Would you please copy only the lines from the line that contains "MASŁO ORZECHOWE MASLOVE" to the end of the data below, exactly, leaving every picture out?

> [THE DATA]

»»

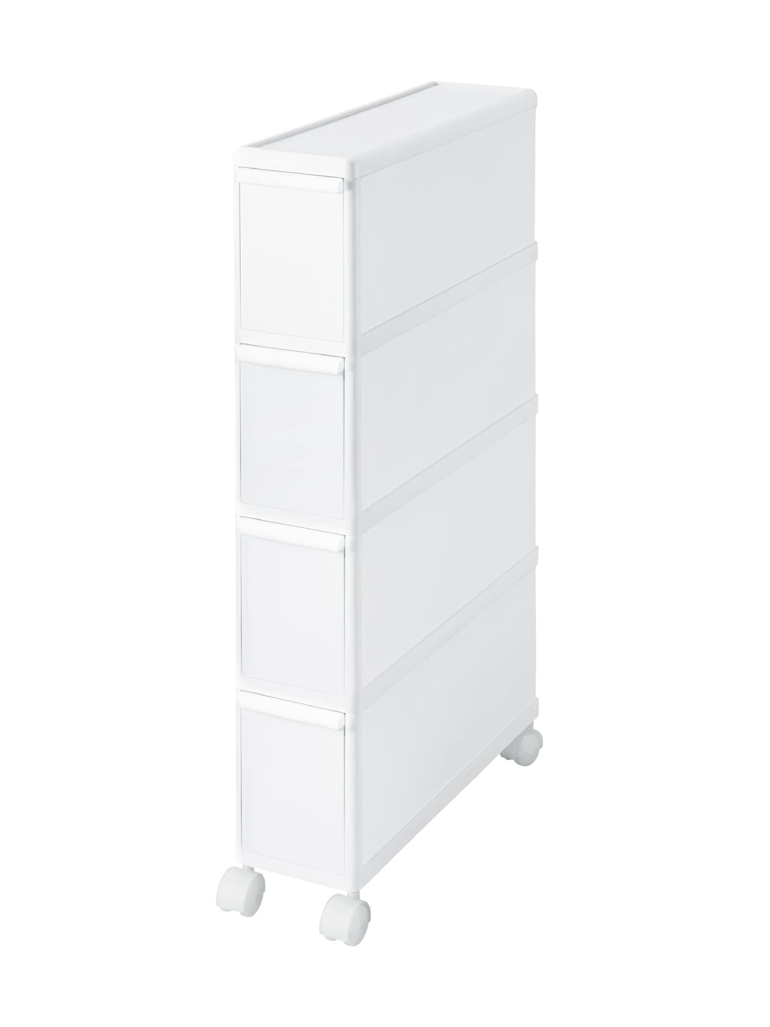 ライクイット (like-it) キッチン収納 すき間 引出し スーパースリム 4段 キャスター付 約幅14x奥46.5x高83cm オールホワイト 日本製 FTS-4 隠す収納 幅14㎝ デッドスペース収納 すき間を活用 レトルト食品収納 レトルトカレー
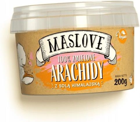 MASŁO ORZECHOWE MASLOVE 100% ZMIELONE ARACHIDY SÓL HIMALAJSKA NATURAL OPAKOWANIE 200g MASŁO ZE ZMIELONYCH ORZECHÓW ARACHIDOWYCH I SOLĄ HIMALAJSKĄ 100% Masło orzechowe to smak, który zachwyca! Wytwarzane jest z najwyższej jakości arachidów, delikatnie prażonych i zmielonych, by uzyskać aksamitną konsystencję. Dodatek soli himalajskiej, uznawanej za najczystszą, dodaje głębi i lekko słonego charakteru, idealnie komponując się z naturalną słodyczą orzechów. Ten unikalny produkt świetnie wzbogaci zarówno śniadaniowe kanapki, sałatki, naleśniki, jak i domowe desery – od lodów po wypieki. MASŁO ORZECHOWE Orzechy ziemne są bogate w wartości odżywcze: dostarczają zdrowych tłuszczów wielonienasyconych, przeciwutleniaczy i pełnowartościowego białka. Na każde 200 g masła przypada aż 50 g białka, co sprawia, że stanowi ono doskonały wybór dla osób na diecie roślinnej, sportowców oraz każdego, kto dba o zdrowe nawyki żywieniowe. To smarowidło o bogatym aromacie, przygotowywane w Polsce, stanowi doskonały wybór dla osób dbających o zdrową, świadomą dietę i poszukujących pełnowartościowych smaków. NAJWAŻNIEJSZE CECHY Wartości odżywcze na 100 g: Wartość energetyczna 2403 kj / 581 kcal Tłuszcz 46 g w tym kwasy tłuszczowe nasycone 6,1 g Węglowodany 12 g w tym cukry 6,4 g Błonnik 8,5 g Białko 26 g Sól 1,04 g DODATKOWE INFORMACJE Pojemność: 200 g Przechowywanie: Przechowywać w suchym i ciemnym miejscu w temperaturze pokojowej, przed spożyciem zaleca się wymieszanie​
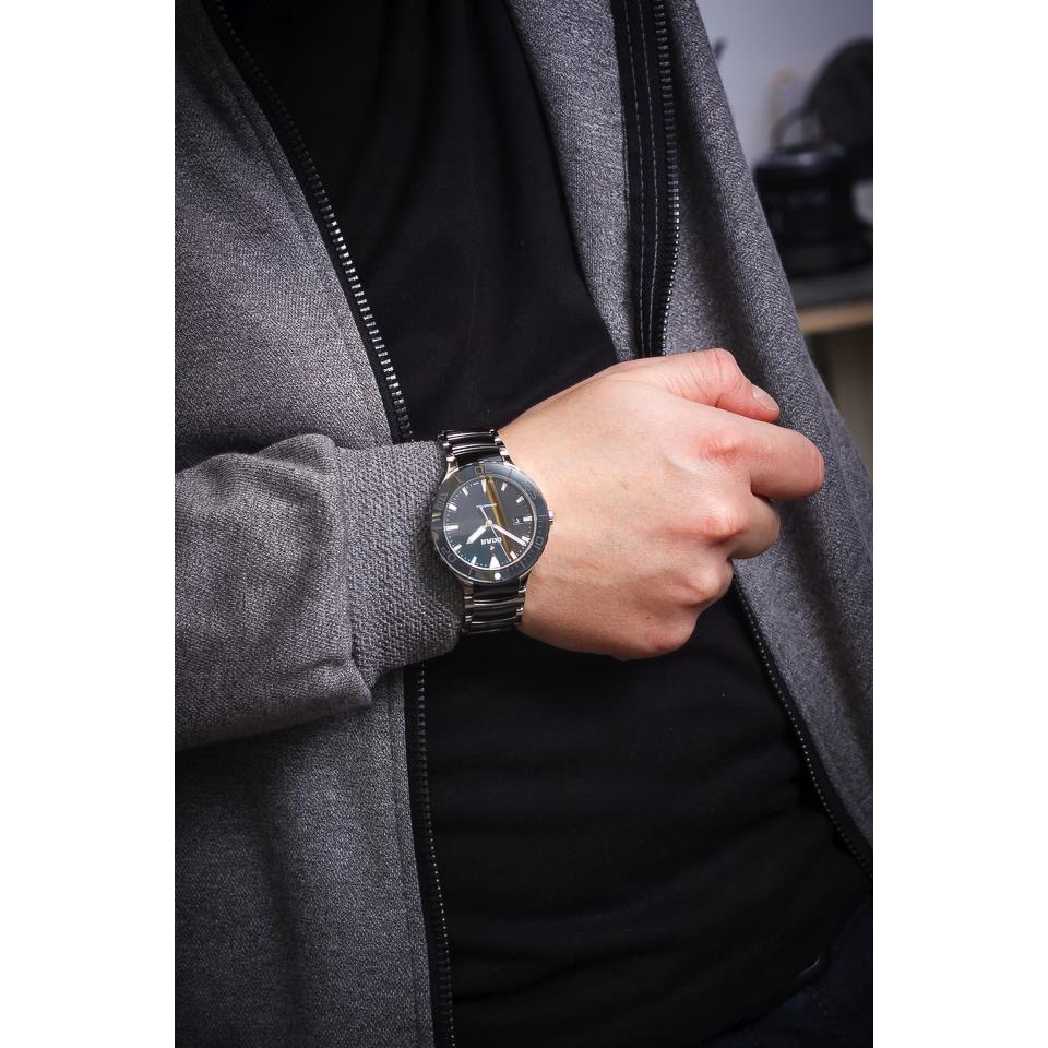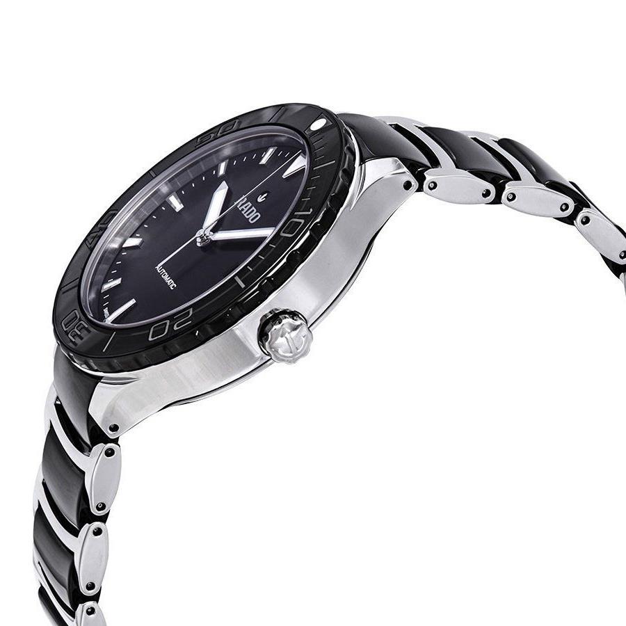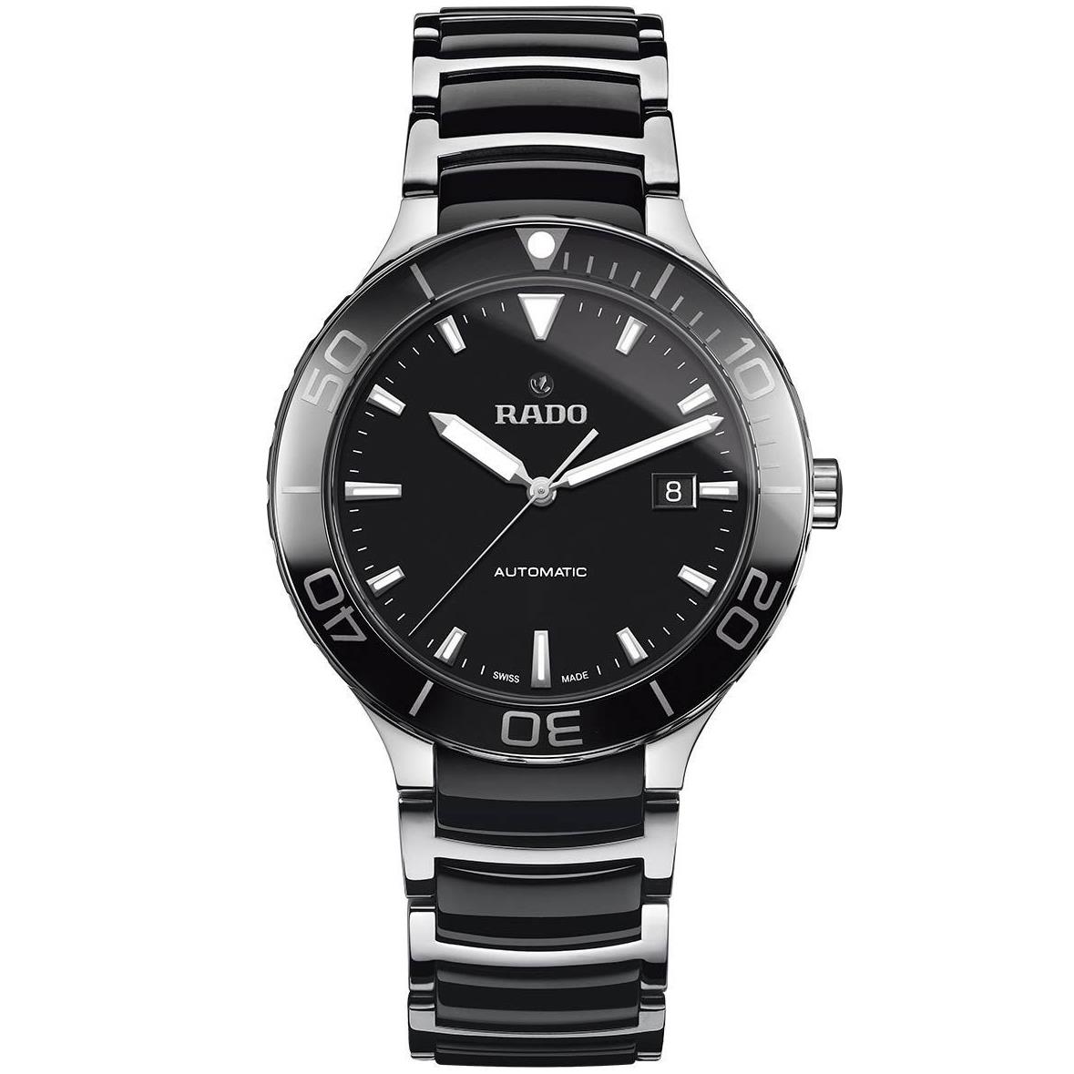 ساعت مچی مردانه رادو RADO با طراحی کلاسیک بند استیل سرامیک با قفل کلیپسی و قاب گرد مشکی استیل و صفحه گرد مشکی با شیشه ضد خراش و قابلیت داشتن تقویم / شب نما / زه چرخان و موتوراتوماتیک سوییسی با انرژی مکانیکی و مقاوم در برابر آب تا عمق 100 متر به همراه گارانتی بین المللی

««

> [RESULT]
 MASŁO ORZECHOWE MASLOVE 100% ZMIELONE ARACHIDY SÓL HIMALAJSKA NATURAL OPAKOWANIE 200g MASŁO ZE ZMIELONYCH ORZECHÓW ARACHIDOWYCH I SOLĄ HIMALAJSKĄ 100% Masło orzechowe to smak, który zachwyca! Wytwarzane jest z najwyższej jakości arachidów, delikatnie prażonych i zmielonych, by uzyskać aksamitną konsystencję. Dodatek soli himalajskiej, uznawanej za najczystszą, dodaje głębi i lekko słonego charakteru, idealnie komponując się z naturalną słodyczą orzechów. Ten unikalny produkt świetnie wzbogaci zarówno śniadaniowe kanapki, sałatki, naleśniki, jak i domowe desery – od lodów po wypieki. MASŁO ORZECHOWE Orzechy ziemne są bogate w wartości odżywcze: dostarczają zdrowych tłuszczów wielonienasyconych, przeciwutleniaczy i pełnowartościowego białka. Na każde 200 g masła przypada aż 50 g białka, co sprawia, że stanowi ono doskonały wybór dla osób na diecie roślinnej, sportowców oraz każdego, kto dba o zdrowe nawyki żywieniowe. To smarowidło o bogatym aromacie, przygotowywane w Polsce, stanowi doskonały wybór dla osób dbających o zdrową, świadomą dietę i poszukujących pełnowartościowych smaków. NAJWAŻNIEJSZE CECHY Wartości odżywcze na 100 g: Wartość energetyczna 2403 kj / 581 kcal Tłuszcz 46 g w tym kwasy tłuszczowe nasycone 6,1 g Węglowodany 12 g w tym cukry 6,4 g Błonnik 8,5 g Białko 26 g Sól 1,04 g DODATKOWE INFORMACJE Pojemność: 200 g Przechowywanie: Przechowywać w suchym i ciemnym miejscu w temperaturze pokojowej, przed spożyciem zaleca się wymieszanie​
 ساعت مچی مردانه رادو RADO با طراحی کلاسیک بند استیل سرامیک با قفل کلیپسی و قاب گرد مشکی استیل و صفحه گرد مشکی با شیشه ضد خراش و قابلیت داشتن تقویم / شب نما / زه چرخان و موتوراتوماتیک سوییسی با انرژی مکانیکی و مقاوم در برابر آب تا عمق 100 متر به همراه گارانتی بین المللی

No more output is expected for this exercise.